Integrative omics analyses broaden treatment targets in human cancer
Background Although large-scale, next-generation sequencing (NGS) studies of cancers hold promise for enabling precision oncology, challenges remain in integrating NGS with clinically validated biomarkers. Methods To overcome such challenges, we utilized the Database of Evidence for Precision Oncology (DEPO) to link druggability to genomic, transcriptomic, and proteomic biomarkers.
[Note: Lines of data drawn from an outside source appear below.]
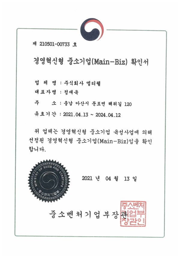 경영혁신형 중소기업 확인서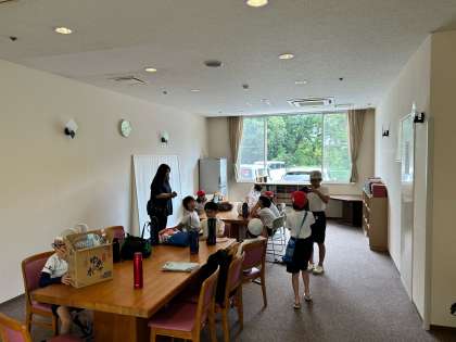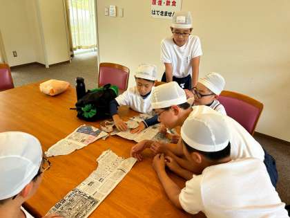 朝食も終わりましたので、待ち時間の間、談話室で新聞紙を使ったアクティビティーを楽しんでいます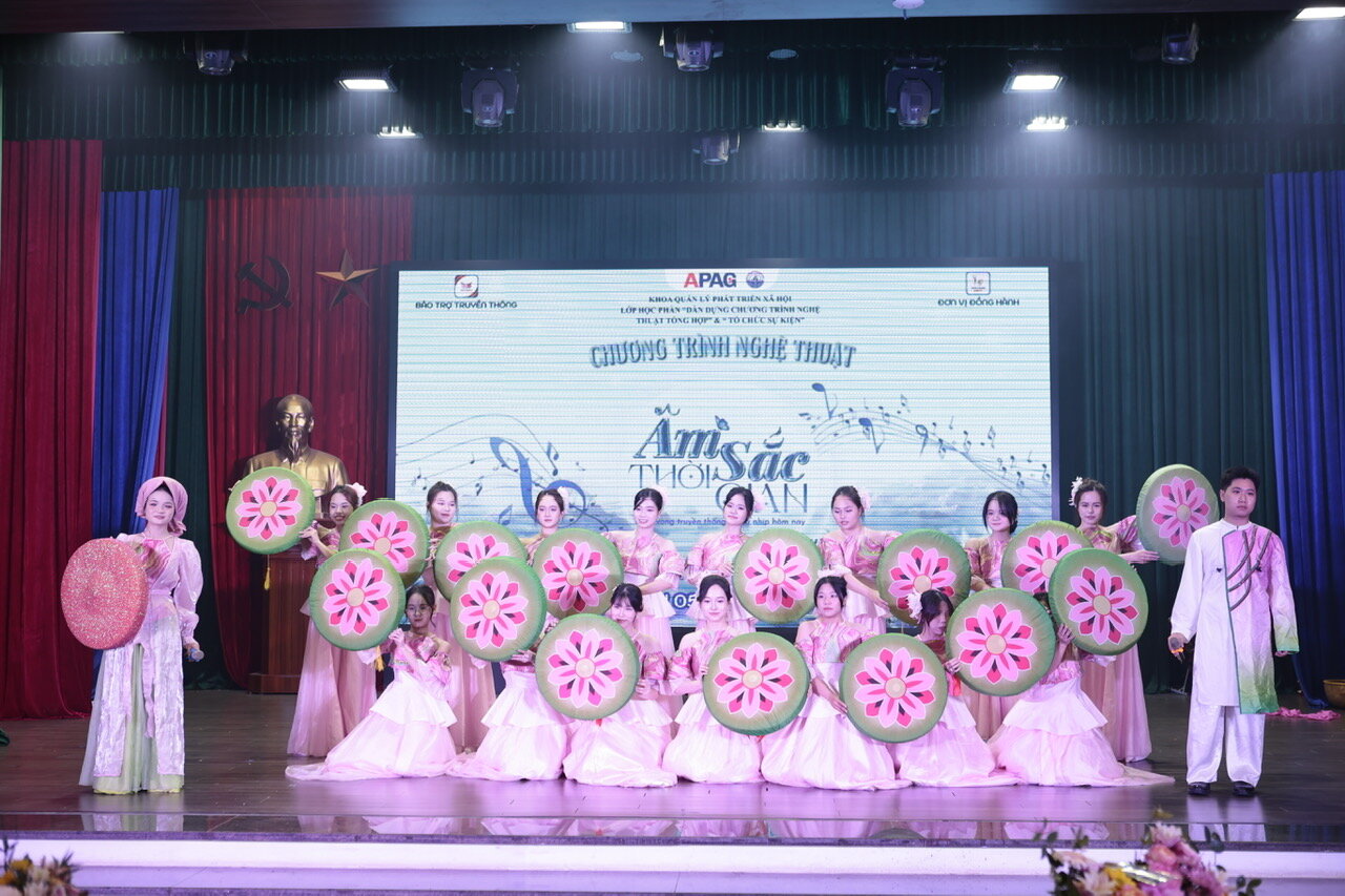 Chiều ngày 05/12/2025 tại Hội trường tầng 2, cơ sở 371 Nguyễn Hoàng Tôn, trong khuôn khổ kỳ thi kết thúc học phần Dàn dựng chương trình nghệ thuật tổng hợp và Tổ chức sự kiện, chương trình “Âm sắc thời gian” của lớp 2305QLVA khoa Quản lý phát triển xã hội đã thu hút đông đảo giảng viên, sinh viên và phụ huynh tham dự, được đơn vị truyền thông APAG Media và Khoa Quản lý phát triển xã hội truyền hình trực tiếp trên các nền tảng mạng xã hội.

Using a pan-cancer cohort of 6570 tumors, we identified tumors with potentially druggable biomarkers consisting of drug-associated mutations, mRNA expression outliers, and protein/phosphoprotein expression outliers identified by DEPO. Results Within the pan-cancer cohort of 6570 tumors, we found that 3% are druggable based on FDA-approved drug-mutation interactions in specific cancer types. However, mRNA/phosphoprotein/protein expression outliers and drug repurposing across cancer types suggest potential druggability in up to 16% of tumors. The percentage of potential drug-associated tumors can increase to 48% if we consider preclinical evidence. Further, our analyses showed co-occurring potentially druggable multi-omics alterations in 32% of tumors, indicating a role for individualized combinational therapy, with evidence supporting mTOR/PI3K/ESR1 co-inhibition and BRAF/AKT co-inhibition in 1.6 and 0.8% of tumors, respectively. We experimentally validated a subset of putative druggable mutations in BRAF identified by a protein structure-based computational tool. Finally, analysis of a large-scale drug screening dataset lent further evidence supporting repurposing of drugs across cancer types and the use of expression outliers for inferring druggability. Conclusions Our results suggest that an integrated analysis platform can nominate multi-omics alterations as biomarkers of druggability and aid ongoing efforts to bring precision oncology to patients.